Esther Carlson (21 August 1920 – 14 March 1991) was an American author. She published one novel, Moon Over the Back Fence (1947).
==Life==
Esther Carlson was born in Marshalltown, Iowa, the daughter of Albert Carl Carlson and Ellen Mower Carlson. She graduated from Marshalltown High School in 1938, where she was elected wittiest student, and Grinnell College in 1942. She moved to New York City in 1943, where she held a number of jobs including freelance journalism and advertising. In New York, she befriended author Richard Wright and introduced him to James Baldwin. Wright was one of the sponsors for her fellowship to the 1946 Bread Loaf Writers' Conference.

She published her short story "The Radiant Wood" in the Atlantic Monthly in September 1946. Wright praised the story in his journal when he heard the story the previous year: "I had goose pimples on me". Carlson wrote to Wright after its publication "I reflected today how you were the first one in my whole life who told me sincerely that I could write".

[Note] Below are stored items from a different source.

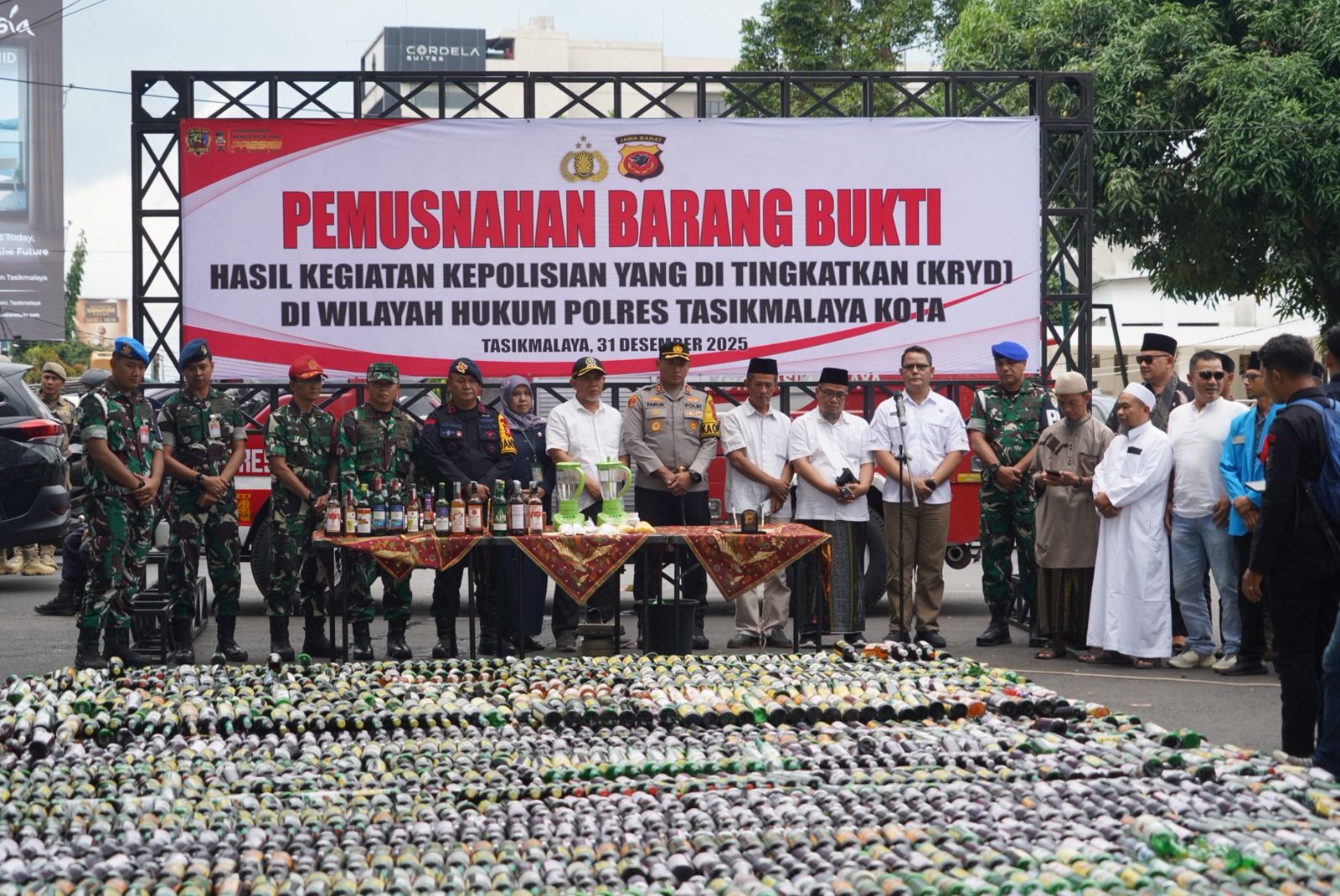 Kota Tasik,Hallo Berita Online.Com- Menjelang malam pergantian tahun, Polres Tasikmalaya Kota mengambil langkah tegas dengan memusnahkan ribuan barang bukti hasil Operasi Kegiatan Rutin yang Ditingkatkan (KRYD) dan Operasi Pekat. Kegiatan pemusnahan berlangsung di Taman Kota Tasikmalaya, Rabu (31/12/2025), dan disaksikan unsur Forkopimda serta tokoh masyarakat.
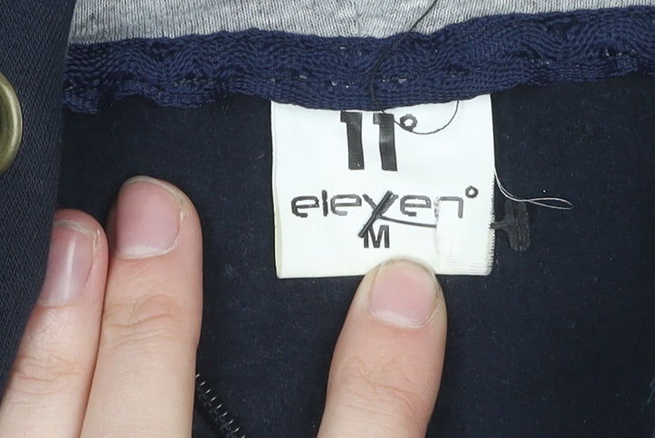 11 Degrees Men's Blue Full Zip Hoodie, M - Logo Accents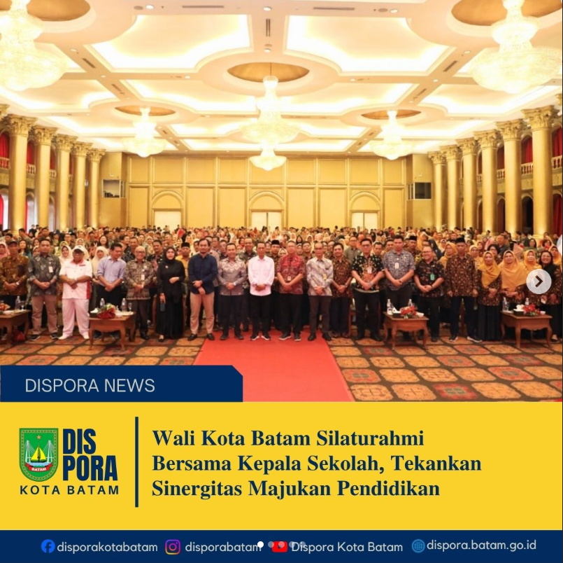 Wali Kota Batam, Amsakar Achmad bersilaturahmi dengan Kepala Satuan Pendidikan TK, SD, dan SMP negeri maupun swasta se-Kota Batam. Kegiatan ini digelar di Harmoni One Hotel, Kamis (21/8/2025).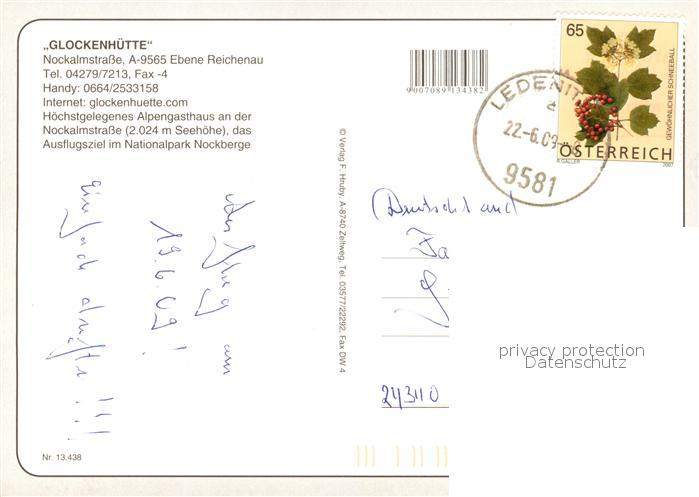 73177097 alte Postkarte Ebene Reichenau Kaernten Glockenhuette Nockalmstrasse postalisch gelaufen Erhaltung siehe scans [NatalD47] KatCode: 11390212021007

Her 1947 novel Moon Over the Back Fence was about a little girl, Ellen, who befriends an imaginary Uncle George. Other short stories include a humorous series about Dr. Aesop Abercrombie in The Magazine of Fantasy and Science Fiction (1953-1954) and "Room With a View" in Fantastic (1953).

Carlson worked as an elementary school teacher in New Jersey and Maryland. She was instrumental in the preservation of Navesink Twin Lights and founded the Underwater Naturalist, the journal of the American Littoral Society.

Esther Carlson died on 14 March 1991 in Saint Michaels, Maryland.